As a member of our software quality assurance group, I was drafted into the development effort to help research and respond to DHS information requests. Gradually, I learned more about the system and the process and was allowed to take on more responsibility liaising with the client, eventually becoming the information system security officer (ISSO). Also, as our clients increased their security awareness and the demand for security experience increased, I became the “security guru” for multiple projects across multiple clients that include SAMHSA and CDC.

In graduate school, I taught literature and writing, and conducted my own research. I translated this experience to help development teams document their systems and to learn and apply the C&A fundamentals quickly. As an ISSO, I implemented processes to develop and maintain documentation and helped develop and maintain excellent communications between our development team and our client. One aspect of these communications was becoming the point of contact through which most communications were funneled.

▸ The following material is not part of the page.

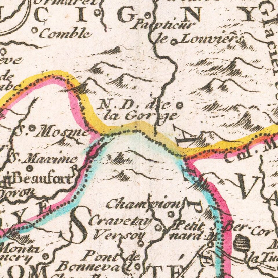 Detailed map showing the Savoy region of Italy and Switzerland.
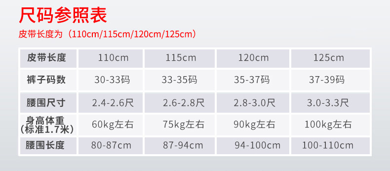 USA(inch) 28-30 30-32 32-34 34-38 38-42

This allowed me to respond if I had the necessary information, or contact the appropriate person and gather information as needed.

We were able to meet our overall goals of hosting a successful, operating website in a secure environment, maintaining all applicable security standards, and meeting the client’s expectations and requirements.

Part of meeting these goals meant responding quickly to our client’s requests. We provided all information as requested, operated transparently (i.e., open and above-board communication), asked questions in a clear and respectful manner, and maintained civility in all our interactions.

It also meant operating in as proactively as possible. In addition to addressing client requests, we maintained a shared drive in which we placed all new documents and maintained archives that required regular updates and maintenance. Documents included the system security plan, the contingency plan, the incident response plan, and change control requests and documentation, among others.

Updated documentation was crucial for our first recertification effort. The client examined artifacts carefully. Due to the diligence of the project team, we were able to assemble a package that gave us recertification with only five minimal Plan of Action and Milestones (POAM) items to correct.

Other process examples include working with our IT system administrators to develop a plan to implement the required DHS Windows Hardening Guidelines. With nearly 220 items on the checklist, we devised logical groups, and then implemented and tested items.

I also serve as a filter for feedback from clients to our project team members and for communicating back to the client to help clarify issues. For example, our project developer might have a question about how the client wants a NIST control implemented. I contact the client ISSO and gather information.

Process and learning pay off. When our system was selected for an Independent Verification and Validation (IV&V), we were well-equipped with documentation and processes.